Reproduce exactly the lines of this material that begin at the line with "Lurex lace, satin, and" and end at the line with "Frage sendenPlastikbausatz des", both included. Omit the pictures and everything else.

Dataset entries
☆ ☆ ☆ ☆ ☆ ☆ ☆

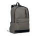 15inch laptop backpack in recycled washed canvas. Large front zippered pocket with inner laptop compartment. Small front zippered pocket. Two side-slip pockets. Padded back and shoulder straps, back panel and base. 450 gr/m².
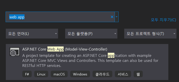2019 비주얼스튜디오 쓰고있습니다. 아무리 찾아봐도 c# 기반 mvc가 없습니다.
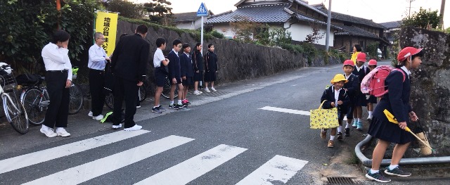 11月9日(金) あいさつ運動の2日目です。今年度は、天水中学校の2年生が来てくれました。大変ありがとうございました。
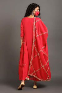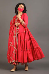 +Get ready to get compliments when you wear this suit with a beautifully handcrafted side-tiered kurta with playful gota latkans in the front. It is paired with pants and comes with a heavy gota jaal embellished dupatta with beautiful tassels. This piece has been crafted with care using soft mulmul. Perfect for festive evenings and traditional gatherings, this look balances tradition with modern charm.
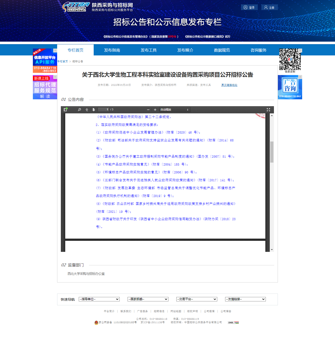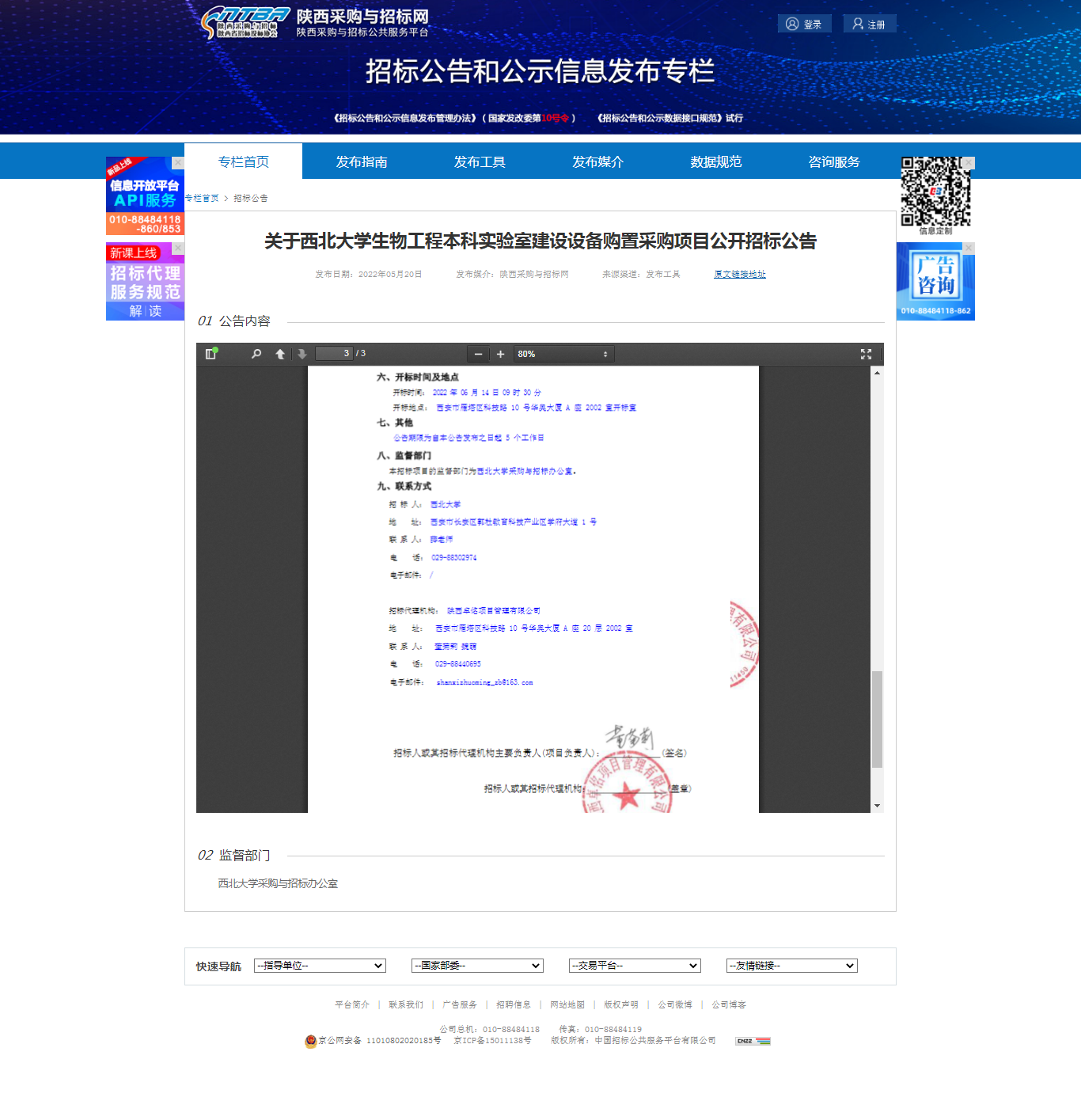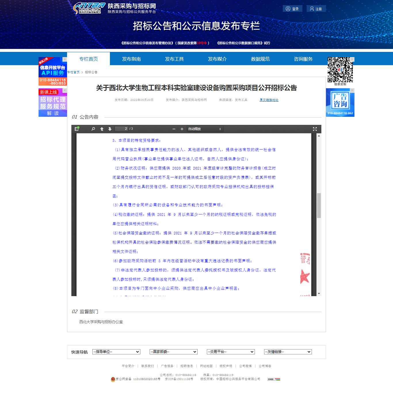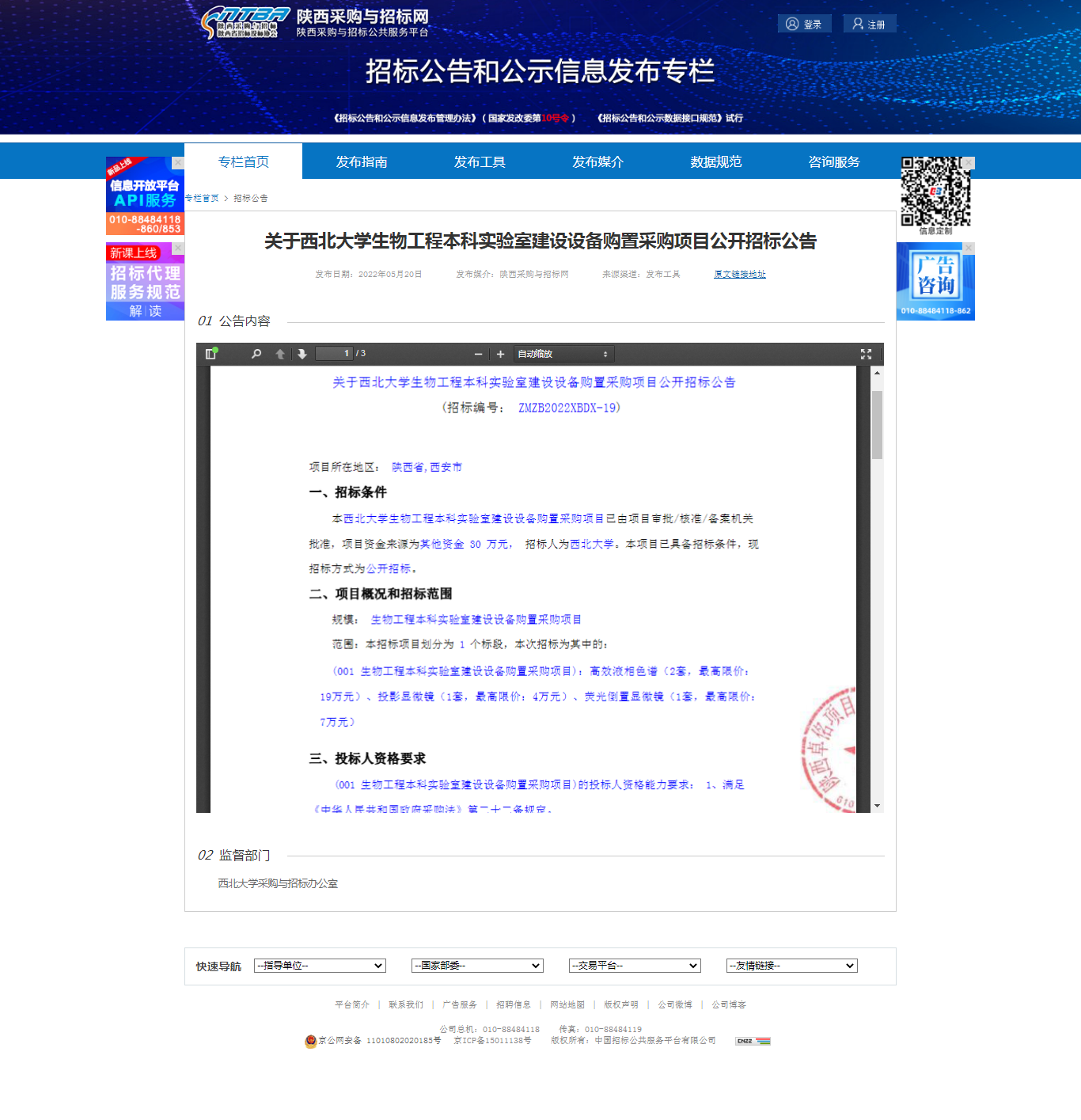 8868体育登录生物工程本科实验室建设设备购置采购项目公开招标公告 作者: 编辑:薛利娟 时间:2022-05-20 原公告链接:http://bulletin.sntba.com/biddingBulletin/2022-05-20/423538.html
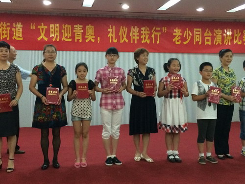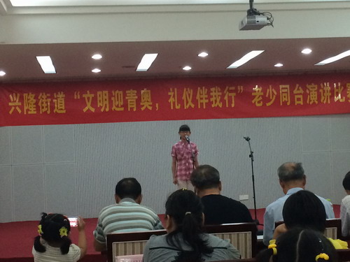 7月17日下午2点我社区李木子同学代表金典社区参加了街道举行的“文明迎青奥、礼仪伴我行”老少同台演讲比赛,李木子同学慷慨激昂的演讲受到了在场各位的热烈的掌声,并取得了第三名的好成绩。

☆ ☆ ☆ ☆ ☆ ☆ ☆

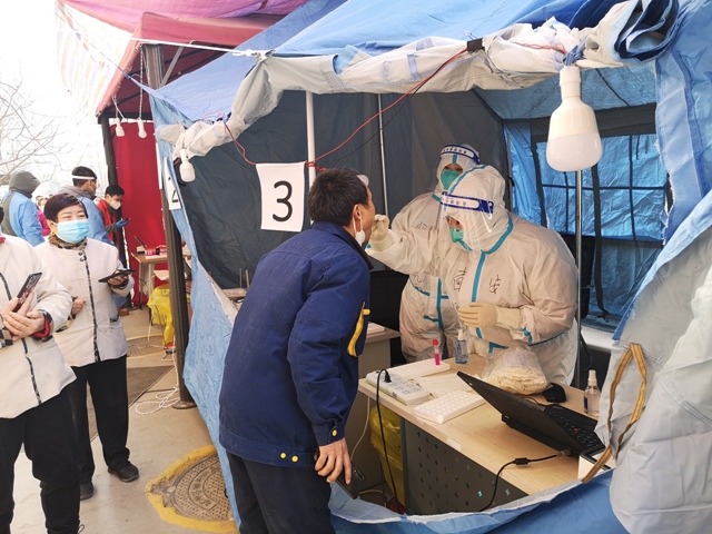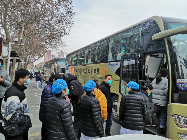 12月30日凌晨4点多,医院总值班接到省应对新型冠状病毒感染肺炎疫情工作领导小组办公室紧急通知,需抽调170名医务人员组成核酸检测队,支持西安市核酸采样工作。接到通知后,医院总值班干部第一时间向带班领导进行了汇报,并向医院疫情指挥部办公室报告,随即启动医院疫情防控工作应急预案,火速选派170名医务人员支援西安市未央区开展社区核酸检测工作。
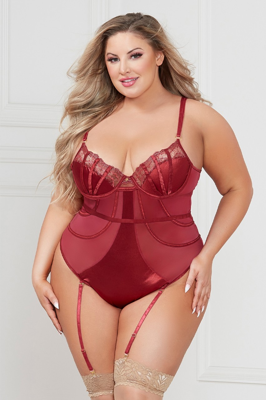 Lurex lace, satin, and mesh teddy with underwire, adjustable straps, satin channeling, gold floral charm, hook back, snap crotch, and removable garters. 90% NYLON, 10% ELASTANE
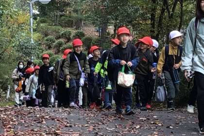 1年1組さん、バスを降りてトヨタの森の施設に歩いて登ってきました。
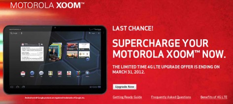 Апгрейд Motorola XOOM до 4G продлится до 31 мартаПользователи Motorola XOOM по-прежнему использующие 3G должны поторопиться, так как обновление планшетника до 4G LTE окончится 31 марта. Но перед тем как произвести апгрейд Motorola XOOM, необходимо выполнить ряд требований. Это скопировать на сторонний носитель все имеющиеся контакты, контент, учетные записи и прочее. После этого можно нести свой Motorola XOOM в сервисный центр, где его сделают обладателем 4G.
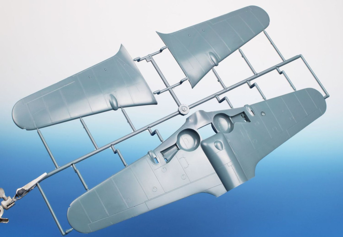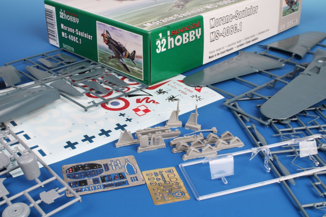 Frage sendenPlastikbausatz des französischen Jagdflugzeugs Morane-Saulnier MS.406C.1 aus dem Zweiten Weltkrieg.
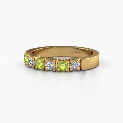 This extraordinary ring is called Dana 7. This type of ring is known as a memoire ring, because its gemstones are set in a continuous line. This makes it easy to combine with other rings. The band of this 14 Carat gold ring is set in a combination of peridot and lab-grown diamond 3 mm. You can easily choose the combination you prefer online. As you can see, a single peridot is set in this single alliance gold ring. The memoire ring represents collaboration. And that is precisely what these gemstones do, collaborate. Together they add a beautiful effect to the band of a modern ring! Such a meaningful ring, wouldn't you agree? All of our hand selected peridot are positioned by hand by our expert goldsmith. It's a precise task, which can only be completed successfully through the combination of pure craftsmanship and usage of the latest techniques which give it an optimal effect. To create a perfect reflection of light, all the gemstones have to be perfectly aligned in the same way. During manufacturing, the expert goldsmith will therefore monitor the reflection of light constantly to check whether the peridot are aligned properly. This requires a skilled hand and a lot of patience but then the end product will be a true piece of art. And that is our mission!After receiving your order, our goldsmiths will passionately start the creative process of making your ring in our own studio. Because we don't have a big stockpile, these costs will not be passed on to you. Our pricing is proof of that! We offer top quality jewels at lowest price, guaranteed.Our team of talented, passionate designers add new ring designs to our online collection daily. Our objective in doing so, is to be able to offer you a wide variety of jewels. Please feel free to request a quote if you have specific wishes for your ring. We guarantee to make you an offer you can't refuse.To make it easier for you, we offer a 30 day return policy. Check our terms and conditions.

☆ ☆ ☆ ☆ ☆ ☆ ☆

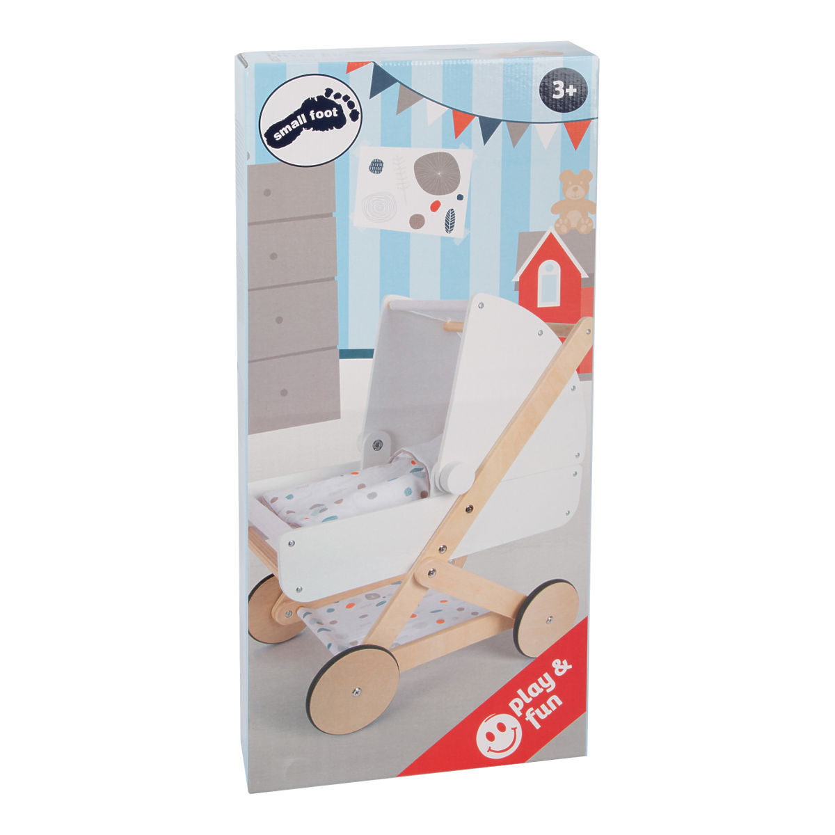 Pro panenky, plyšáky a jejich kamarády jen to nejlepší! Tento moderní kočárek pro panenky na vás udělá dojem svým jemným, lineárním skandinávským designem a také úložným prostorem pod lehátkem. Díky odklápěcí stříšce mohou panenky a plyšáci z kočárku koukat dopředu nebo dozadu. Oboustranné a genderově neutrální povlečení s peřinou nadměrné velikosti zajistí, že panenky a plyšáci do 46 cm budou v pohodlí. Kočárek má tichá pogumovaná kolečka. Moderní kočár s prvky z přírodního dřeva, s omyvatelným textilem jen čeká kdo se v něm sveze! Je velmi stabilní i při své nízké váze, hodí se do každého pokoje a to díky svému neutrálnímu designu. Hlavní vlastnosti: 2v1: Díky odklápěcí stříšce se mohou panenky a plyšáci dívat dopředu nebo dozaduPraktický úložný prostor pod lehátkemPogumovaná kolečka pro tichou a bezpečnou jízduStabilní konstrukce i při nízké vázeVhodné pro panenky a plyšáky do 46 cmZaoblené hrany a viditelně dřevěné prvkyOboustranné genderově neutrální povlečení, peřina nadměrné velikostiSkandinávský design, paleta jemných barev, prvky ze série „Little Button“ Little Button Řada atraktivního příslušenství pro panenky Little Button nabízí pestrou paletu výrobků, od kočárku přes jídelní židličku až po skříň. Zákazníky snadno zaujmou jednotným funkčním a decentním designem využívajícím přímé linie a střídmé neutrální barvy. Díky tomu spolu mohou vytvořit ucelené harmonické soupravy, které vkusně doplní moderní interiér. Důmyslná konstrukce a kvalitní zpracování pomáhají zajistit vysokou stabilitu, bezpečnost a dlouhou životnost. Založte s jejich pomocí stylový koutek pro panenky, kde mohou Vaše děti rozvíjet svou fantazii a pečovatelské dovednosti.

☆ ☆ ☆ ☆ ☆ ☆ ☆

Answer box
 Lurex lace, satin, and mesh teddy with underwire, adjustable straps, satin channeling, gold floral charm, hook back, snap crotch, and removable garters. 90% NYLON, 10% ELASTANE
 1年1組さん、バスを降りてトヨタの森の施設に歩いて登ってきました。
 Апгрейд Motorola XOOM до 4G продлится до 31 мартаПользователи Motorola XOOM по-прежнему использующие 3G должны поторопиться, так как обновление планшетника до 4G LTE окончится 31 марта. Но перед тем как произвести апгрейд Motorola XOOM, необходимо выполнить ряд требований. Это скопировать на сторонний носитель все имеющиеся контакты, контент, учетные записи и прочее. После этого можно нести свой Motorola XOOM в сервисный центр, где его сделают обладателем 4G.
 Frage sendenPlastikbausatz des französischen Jagdflugzeugs Morane-Saulnier MS.406C.1 aus dem Zweiten Weltkrieg.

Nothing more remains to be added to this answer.